去緬甸得通語言,還得通線路,那裡比較亂,金三角區,混雜各種人,邢烈在那頭認識不少人,但現下公司個個都在忙,小瑤只能替他去,但替他去吧,一個女人他也不放心。
“你等下,我打個電話。”
“好。”
邢烈掛了電話,給廖曉打了電話,這人這些年也常出入緬甸,不過廖曉是去賭石的,幫忙帶點貨回來也不難。
廖曉一聽立即就拍腿,還笑道,“上次你說的那個鑽戒需要的材料該不會就在這一批貨裡吧?”
邢烈輕笑,“你蠻聰明的嘛。”
“那是,行,我幫你跑一趟。”
“謝謝。”
事情解決了,邢烈心裡也是一鬆,他看著陳怡,彎腰又親吻了下她的唇角。
自從那天聽了阿姨的話,邢烈就恨不得天天陪著陳怡,每天都把她拴在褲腰上帶走,但以陳怡那性格,肯定是不會同意的。那就只能他像一個賴皮狗似賴在她身邊了,這段時間他交了不少的工作出去。
還把年尾的一些計劃推到明年。
陳怡睡到三點醒。
邢烈盤腿坐在地毯上,敲電腦,手速很快,她探頭看了一眼,摸索著拿起手機,給劉惠發信息。
陳怡:在幹嘛?
劉惠:在等你信息。
劉惠:要不要去?
陳怡:上次彭蓮為了那兩棟樓的事情來找過我,差點撕了我,現在她約我去下午茶?
劉惠:還有這回事?
劉惠:那她應該是有什麼目的。
陳怡:我倒不怕,她要是無所謂我也就無所謂了。
劉惠:……
劉惠:她聽說你懷孕了,還滿關心的。
陳怡:……
劉惠:那要不就不去了,多一事不如少一事,你看現在邢烈天天陪著你,你也挺幸福的,別再惹事了。
陳怡:我不去的話她肯定還會再邀請的。
劉惠:……你說的也有道理,她如果有目的的話。
陳怡:那我就去吧。
劉惠:想清楚了?
陳怡:嗯。
陳怡真不是愛惹事的人,她只是想知道彭蓮幾個意思,她沒摸透的話,她也不安生。
這白拿了人家的財產,人家心裡不舒服那也是正常的。
“醒了?”
邢烈摸上床,笑著問道。
“嗯。”
“再這樣睡下去你真的成豬了。”
陳怡瞪他一眼。
邢烈捏捏她的臉,這段時間大補以後,陳怡的皮膚愈發光滑了,白嫩嫩的,能出水,他低頭笑問,“年底尾牙打算怎麼辦?”
提起這事,陳怡就頭疼,去年沒辦,今年也不辦的話,員工應該都要有意見了。
可是辦的話,現在公司沈憐一個人幹了兩個人的活,抽不出時間來安排。
“我再想想,還沒想好。”
邢烈笑道,“不如兩家一起辦吧。

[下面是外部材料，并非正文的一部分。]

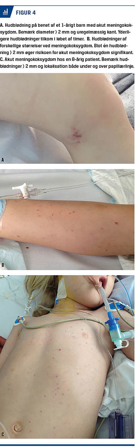 Risikoen for MS er markant forøget, hvis hudblødningerne er > 2 mm i diameter og har et karakteristisk udseende med uregelmæssig kant (Figur 4A) [9, 10]. Størstedelen af børn med MS har både purpura og petekkier, og blot én hudblødning > 2 mm øger sandsynligheden for MS (Figur 4B) [9, 10]. Risikoen er derudover associeret til påvirket almentilstand [10, 11]. Enkelte børn kan dog være upåvirkede tidligt i forløbet. Risikoen for MS er forøget, hvis hudblødningerne er universelt fordelt på kroppen (Figur 4C) [9-11]. Petek-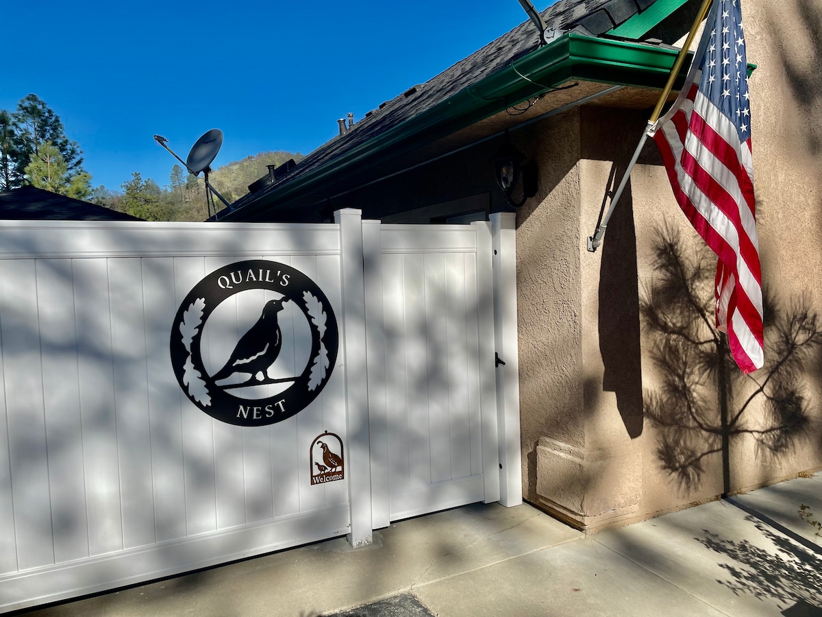 我們舒適的客用住房坐落在山中,四周環繞著樹木...私人後甲板俯瞰季節性小溪...距離巴斯湖2英里...距離約塞米蒂大門11英里...距離奧克赫斯特鎮5英里...坐落在2英畝的寧靜、安全和安靜的房源上。 可使用整套客用住房和周圍區域。 功能齊全的廚房,包括keurig、烤麵包機、鍋具、餐具等。 房東在現場,可根據需要提供協助。 提供露營車和船舶停車位。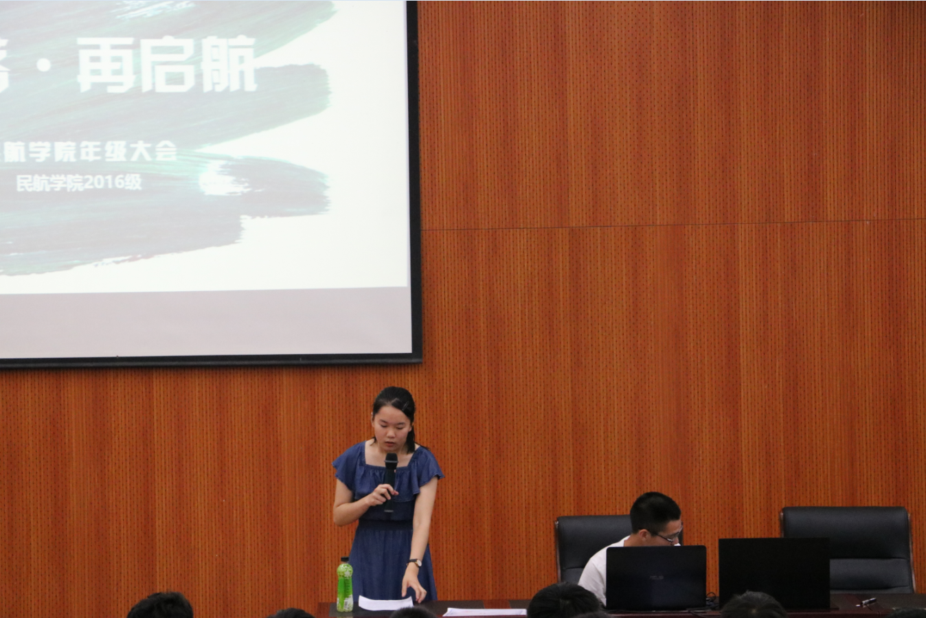 年级大会的第一版块即为“民航大事说”。同学们通过一张张活动照片回忆我们这一学期走过的路,经历过的事。演讲比赛的妙语连珠、篮球赛的团结拼搏,都是我们生活美丽的剪影,平淡而又充满乐趣,繁忙而又充满斗志。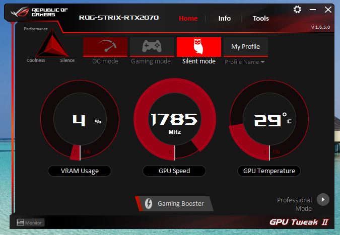 Bei den Taktraten liegt die Asus ROG RTX Strix 2070 OC im Boost sogar deutlich über der Founders Edition von Nvidia. Diese bietet im Boost maximal 1.710 MHz. Mit 1.815 MHz im Gaming-Mode taktet Asus die RTX 2070 gut 100 MHz höher. Mit dem Asus GPU Tweak lässt sich die Grafikarte auch im Silent- oder OC-Modus betreiben. Im Vergleich zum Gaming-Mode sinken bzw. steigt die GPU-Taktfrequenz um jeweils 30 MHz. Aber auch das Power-Target wird angepasst. So sinkt das Power-Target im Silent-Mode auf 90 %, wenngleich im OC-Mode dieses auf 110 % erhöht wird. Der Gaming-Mode ist mit 100 % ein guter Mittelwert, welchen wir auch für die Benchmarks benutzt haben.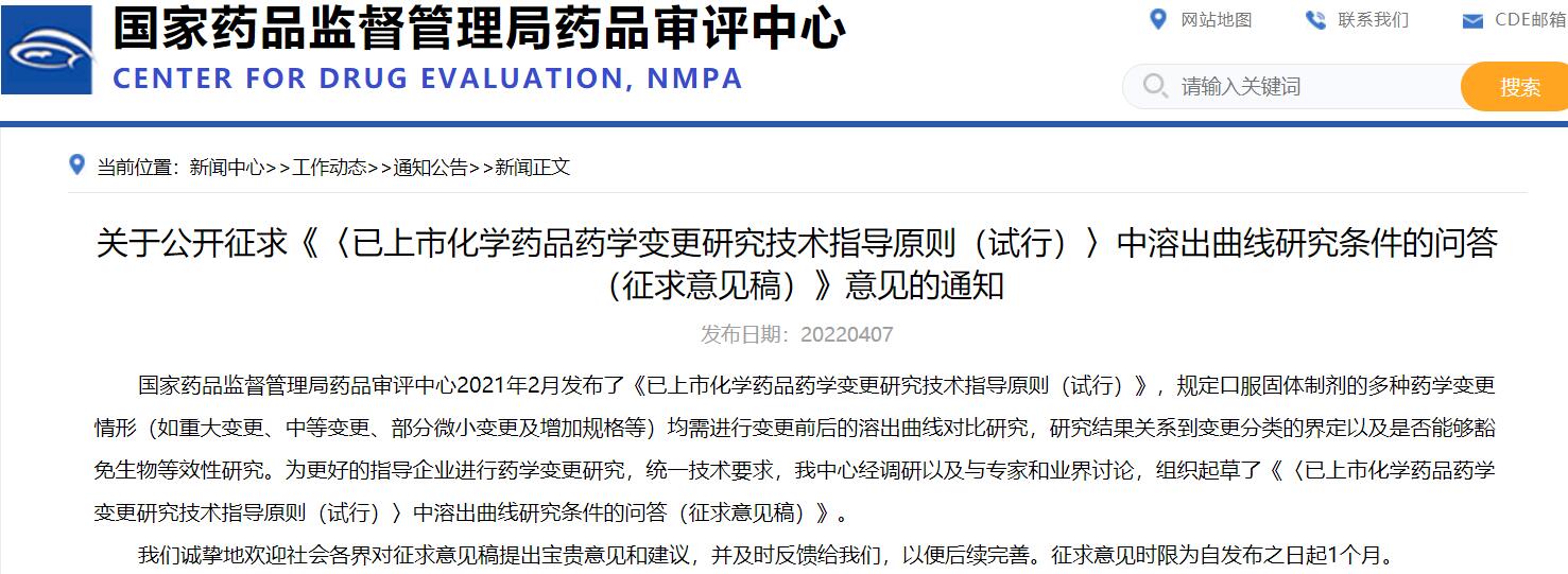 關(guān)于公開(kāi)征求《〈已上市化學(xué)藥品藥學(xué)變更研究技術(shù)指導(dǎo)原則(試行)〉中溶出曲線研究條件的問(wèn)答(征求意見(jiàn)稿)》意見(jiàn)的通知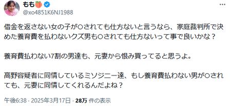 養育費バックレは女の方が割合高いんだよなぁ
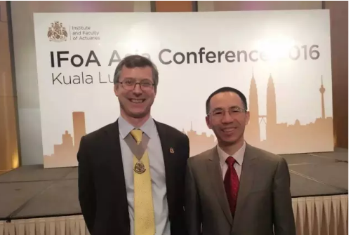 图为我校校友赵宇龙博士(右)参加今年三月在吉隆坡的IFoA亚洲会议时和President-elect Colin Wilson 合影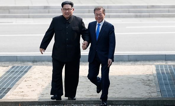 Kim Jong-un e Moon Jae-in participam de encontro histórico em uma área de fronteira desmilitarizada. Guerra entre a Coreia do Sul e do Norte foi interrompida através de um cessar-fogo, em 1953, mas pode ter fim oficial ainda em 2018. Líderes também trataram de programa nuclear da Coreia do Norte. Fonte: http://cbn.globoradio.globo.com

”
陳怡眉頭微斂。
講真,她不太樂意,邢烈公司好事的人多。
她去了兩次,幾乎都是不愉快收場。
這尾牙本就是愉快喜慶的,林蜜那殘留的餘黨要是對她後背指指點點,可就影響了她在公司的威嚴。
她見識過林蜜這種性格女孩的厲害,無辜,漂亮,牽一髮而動全身,大家都是看表面的,誰會去深究其中的原因。
反正都知道她陳怡當了惡人。
尾牙一起搞,要是在背後攪個舌根,她公司的人又護主,一個不小心發生口角了,那尾牙也就辦不成了。
見陳怡一直沒應,邢烈問道,“你還有什麼考慮嗎?”
陳怡捏了捏他的耳垂,“我暫時沒考慮,但也不打算答應你。”
他斂起眉頭,“那你?”
“我跟沈憐再好好商量吧。”
女人間的小心思,邢烈也不會懂的。
陳怡讀書的時候吃過虧,性格太烈,又不會哭訴,被一小白兔坑得差點成為全年級的天敵。
那時她才知道,女人的淚水可以成為利劍。
那時畢業的時候,她在舞臺上對著臺下千個學生唱了首,《女人何苦為難女人》。
當時全校師生大笑。
可誰又知道那是她的心聲。
邢烈尊重陳怡的決定。
但不理解她的這個決定。
有點遺憾。
三點半陳怡要去一趟公司,邢烈開車送她去。
陳怡一進公司,前臺就萬分羨慕,“陳總,最近這天天有人接送啊。”
陳怡輕笑,“你要是懷了孩子,你男朋友也會這麼體貼的。”
天下男人幾乎一樣,女人肚子裡有了自己的骨肉,就會覺得做任何體貼的事情都是值得的。
但若是沒有,他們就會掂量,付出多少收多少呢,這就是成年男人的考量。
邢烈驅車回到公司。
小瑤正在準備去緬甸的交接。
邢烈打她桌上的電話,說道,“進來。”
小瑤開門,疑惑地看他。
他指著沙發,說道,“我們聊聊。”
小瑤挑挑眉頭,估計又跟陳總有關的,她坐了下來,感覺最近自己有點成了邢烈的狗頭軍師,還是有點無厘頭的。
“邢總……”
“我剛剛跟你陳總聊了一下,關於尾牙的事情,我的意思是一起辦,可她似乎不太願意,你覺得她是為什麼?”
小瑤扶了扶眼鏡,思考了一下。
“她是不是不想辦啊?”
“沒有,她去年沒辦,今年肯定是要辦的,我就想,去麗江都可以一起去了,為什麼尾牙不能一起辦?”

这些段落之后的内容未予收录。